[Extracted data entries]
● ● ● ● ● ● ●
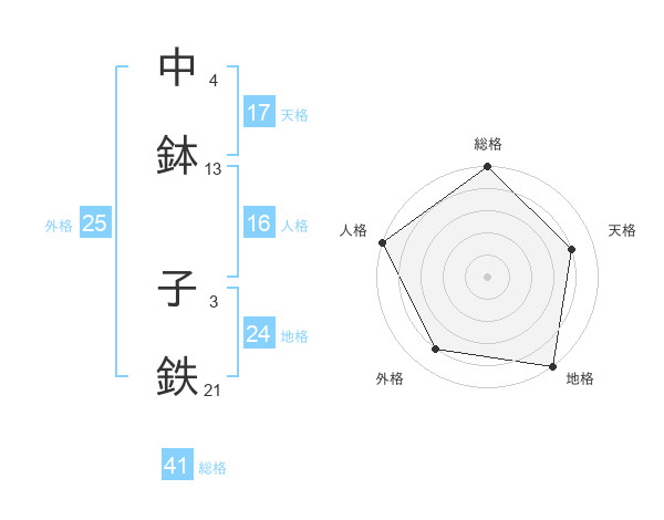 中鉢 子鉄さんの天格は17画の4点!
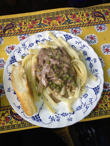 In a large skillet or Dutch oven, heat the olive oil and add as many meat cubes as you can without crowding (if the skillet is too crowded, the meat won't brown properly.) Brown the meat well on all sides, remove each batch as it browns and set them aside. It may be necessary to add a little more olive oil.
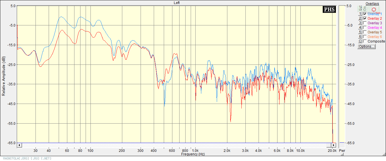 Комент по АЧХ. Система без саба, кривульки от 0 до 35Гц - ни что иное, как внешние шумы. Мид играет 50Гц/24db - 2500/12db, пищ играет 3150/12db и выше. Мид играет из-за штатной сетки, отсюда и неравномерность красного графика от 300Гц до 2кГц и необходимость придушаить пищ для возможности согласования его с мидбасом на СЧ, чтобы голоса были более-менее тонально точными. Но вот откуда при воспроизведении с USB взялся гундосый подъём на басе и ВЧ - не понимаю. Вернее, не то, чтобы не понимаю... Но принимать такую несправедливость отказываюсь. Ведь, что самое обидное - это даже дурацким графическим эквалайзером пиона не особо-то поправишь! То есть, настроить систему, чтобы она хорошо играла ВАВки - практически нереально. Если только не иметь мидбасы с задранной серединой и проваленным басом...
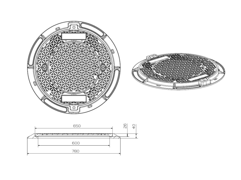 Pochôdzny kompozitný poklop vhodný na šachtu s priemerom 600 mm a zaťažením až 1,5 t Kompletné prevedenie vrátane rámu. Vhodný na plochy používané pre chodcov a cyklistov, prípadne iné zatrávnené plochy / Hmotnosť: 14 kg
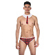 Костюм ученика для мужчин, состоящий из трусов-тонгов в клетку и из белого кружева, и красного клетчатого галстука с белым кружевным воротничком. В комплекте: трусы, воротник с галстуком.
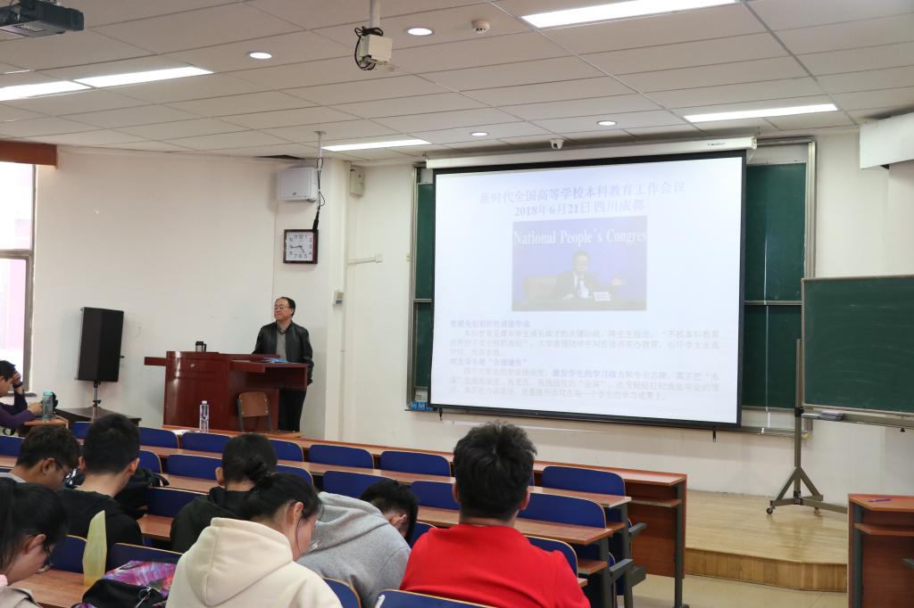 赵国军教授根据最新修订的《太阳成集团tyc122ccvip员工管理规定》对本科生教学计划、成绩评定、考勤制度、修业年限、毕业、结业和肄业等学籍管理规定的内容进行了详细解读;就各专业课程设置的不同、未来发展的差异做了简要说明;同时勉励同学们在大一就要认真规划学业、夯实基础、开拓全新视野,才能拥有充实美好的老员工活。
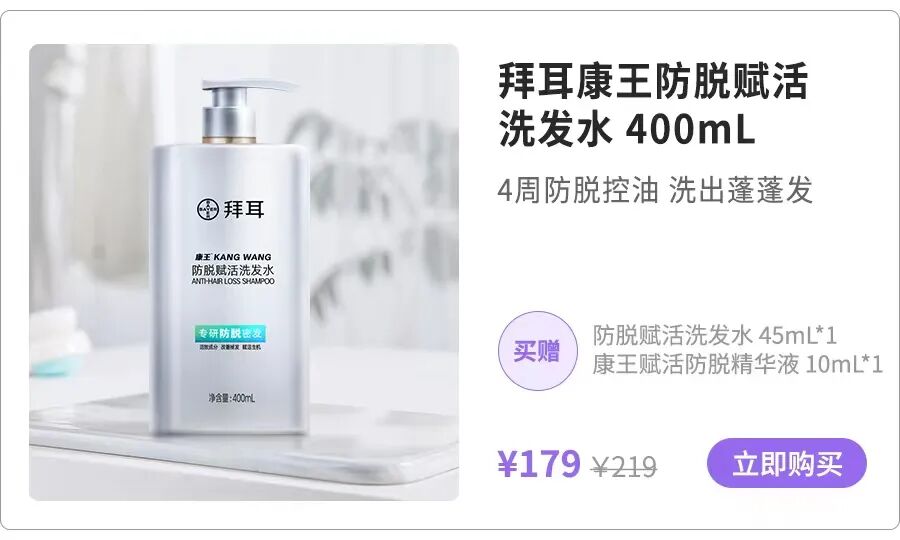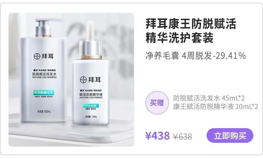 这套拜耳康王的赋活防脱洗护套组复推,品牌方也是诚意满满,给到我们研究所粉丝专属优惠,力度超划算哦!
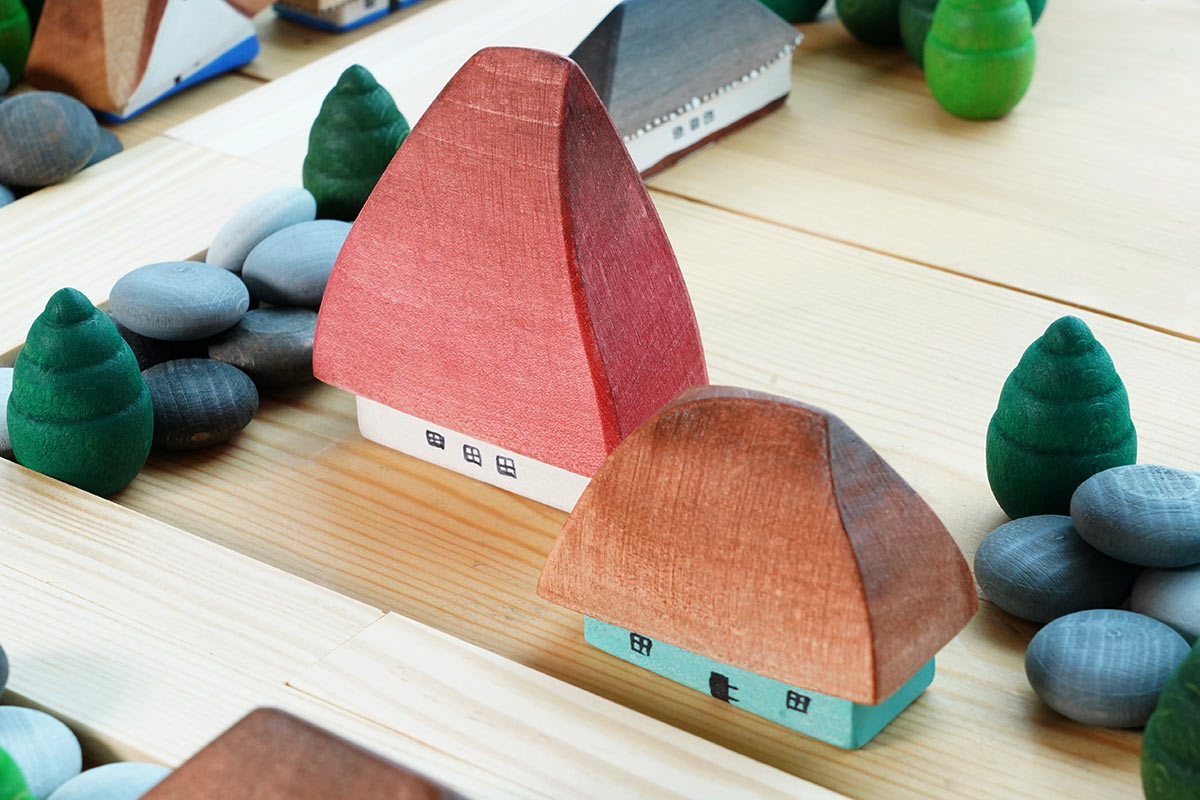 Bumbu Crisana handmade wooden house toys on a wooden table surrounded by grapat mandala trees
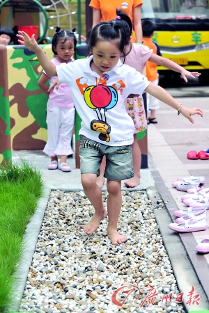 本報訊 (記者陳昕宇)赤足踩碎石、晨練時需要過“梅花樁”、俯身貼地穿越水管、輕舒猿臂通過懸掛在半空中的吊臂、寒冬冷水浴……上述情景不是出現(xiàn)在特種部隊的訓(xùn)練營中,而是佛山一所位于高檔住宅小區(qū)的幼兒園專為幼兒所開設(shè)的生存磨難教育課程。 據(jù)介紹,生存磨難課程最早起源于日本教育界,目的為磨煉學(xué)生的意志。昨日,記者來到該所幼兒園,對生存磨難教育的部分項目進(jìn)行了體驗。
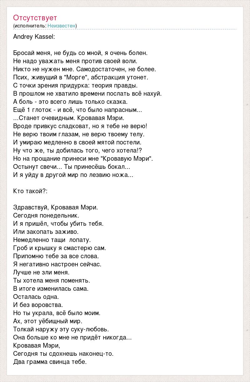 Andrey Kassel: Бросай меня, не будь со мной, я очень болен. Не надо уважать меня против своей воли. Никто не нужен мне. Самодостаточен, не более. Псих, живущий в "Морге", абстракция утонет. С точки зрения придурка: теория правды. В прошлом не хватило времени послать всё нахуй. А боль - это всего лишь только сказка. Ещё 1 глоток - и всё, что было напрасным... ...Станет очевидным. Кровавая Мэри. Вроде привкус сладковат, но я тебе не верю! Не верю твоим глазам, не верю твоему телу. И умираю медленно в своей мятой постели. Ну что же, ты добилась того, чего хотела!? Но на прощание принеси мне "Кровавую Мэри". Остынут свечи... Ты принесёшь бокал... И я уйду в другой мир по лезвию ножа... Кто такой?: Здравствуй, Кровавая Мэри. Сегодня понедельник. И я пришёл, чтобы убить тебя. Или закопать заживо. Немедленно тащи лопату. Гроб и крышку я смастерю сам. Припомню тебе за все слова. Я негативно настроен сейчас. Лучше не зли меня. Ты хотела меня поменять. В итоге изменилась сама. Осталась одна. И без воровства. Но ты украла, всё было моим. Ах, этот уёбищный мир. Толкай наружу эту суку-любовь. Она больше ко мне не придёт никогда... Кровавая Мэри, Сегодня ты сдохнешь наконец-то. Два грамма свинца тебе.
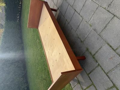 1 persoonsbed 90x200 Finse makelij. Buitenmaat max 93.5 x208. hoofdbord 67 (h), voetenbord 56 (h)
● ● ● ● ● ● ●
Activity
Write out nothing but the lines from the start of the data through the line with "In a large skillet". Leave out the pictures.

Task output
 中鉢 子鉄さんの天格は17画の4点!
 In a large skillet or Dutch oven, heat the olive oil and add as many meat cubes as you can without crowding (if the skillet is too crowded, the meat won't brown properly.) Brown the meat well on all sides, remove each batch as it browns and set them aside. It may be necessary to add a little more olive oil.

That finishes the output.